_Exercise prompt_
Once you reach the line containing "时序动量可以应用于资产择时,A股市场时序" in the data below, restate each line word for word up to and including the one containing "- 海・陸を連想させる1色と、目立たせる色の組み合わせで配色する".

_Task data_
_ _ _ _ _ _ _

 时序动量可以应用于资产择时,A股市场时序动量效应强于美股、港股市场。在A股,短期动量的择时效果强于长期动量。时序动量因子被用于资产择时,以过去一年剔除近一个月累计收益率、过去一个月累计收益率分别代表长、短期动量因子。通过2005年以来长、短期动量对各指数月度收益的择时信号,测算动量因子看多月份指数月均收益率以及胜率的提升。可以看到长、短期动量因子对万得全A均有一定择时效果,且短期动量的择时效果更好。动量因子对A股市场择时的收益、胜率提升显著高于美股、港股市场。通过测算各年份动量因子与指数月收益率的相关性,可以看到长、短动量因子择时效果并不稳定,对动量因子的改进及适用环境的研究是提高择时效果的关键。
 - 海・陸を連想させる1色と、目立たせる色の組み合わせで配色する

_ _ _ _ _ _ _

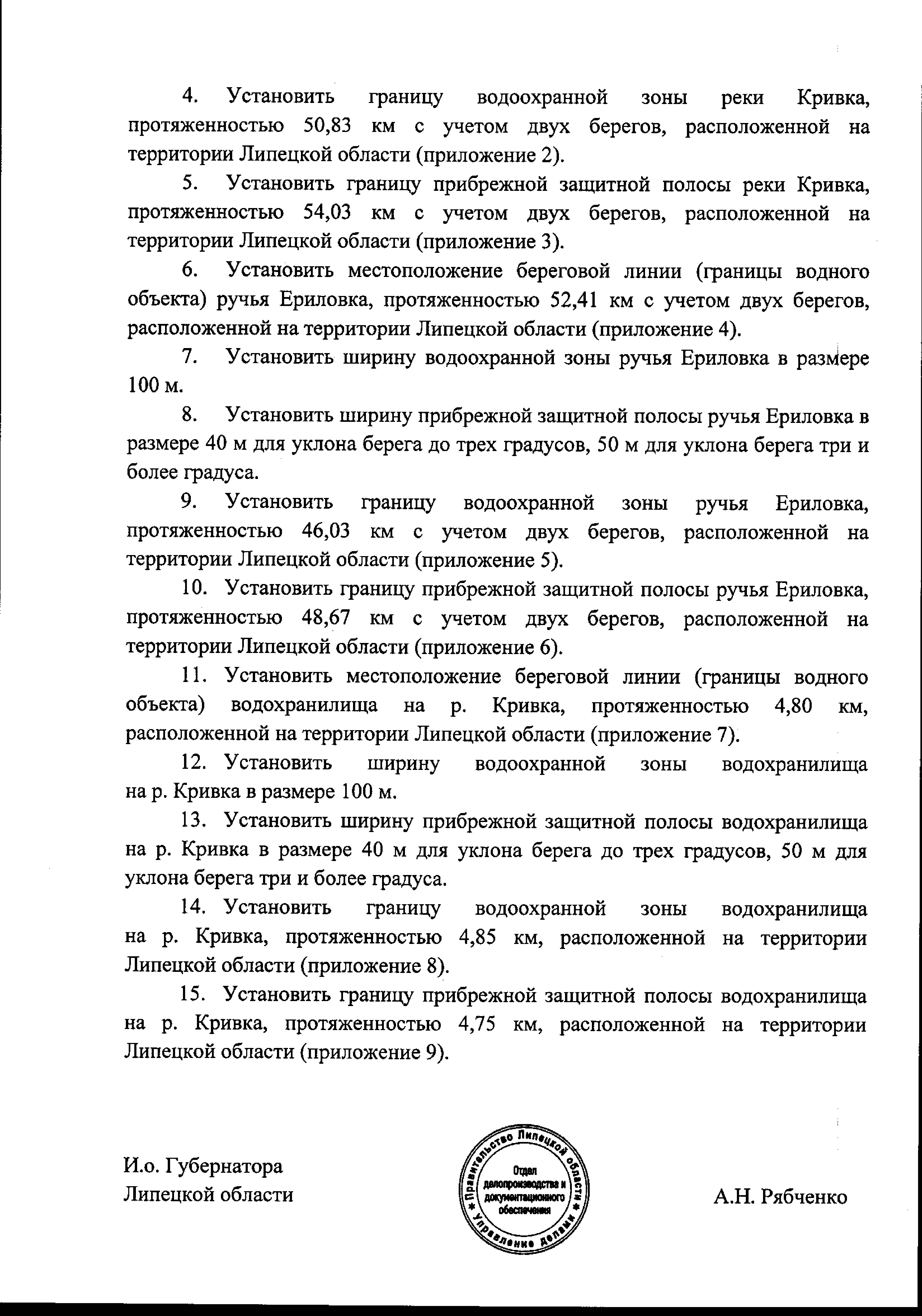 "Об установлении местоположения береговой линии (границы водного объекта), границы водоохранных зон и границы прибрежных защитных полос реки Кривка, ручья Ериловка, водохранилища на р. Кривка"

_ _ _ _ _ _ _

_Finished task_
 时序动量可以应用于资产择时,A股市场时序动量效应强于美股、港股市场。在A股,短期动量的择时效果强于长期动量。时序动量因子被用于资产择时,以过去一年剔除近一个月累计收益率、过去一个月累计收益率分别代表长、短期动量因子。通过2005年以来长、短期动量对各指数月度收益的择时信号,测算动量因子看多月份指数月均收益率以及胜率的提升。可以看到长、短期动量因子对万得全A均有一定择时效果,且短期动量的择时效果更好。动量因子对A股市场择时的收益、胜率提升显著高于美股、港股市场。通过测算各年份动量因子与指数月收益率的相关性,可以看到长、短动量因子择时效果并不稳定,对动量因子的改进及适用环境的研究是提高择时效果的关键。
 - 海・陸を連想させる1色と、目立たせる色の組み合わせで配色する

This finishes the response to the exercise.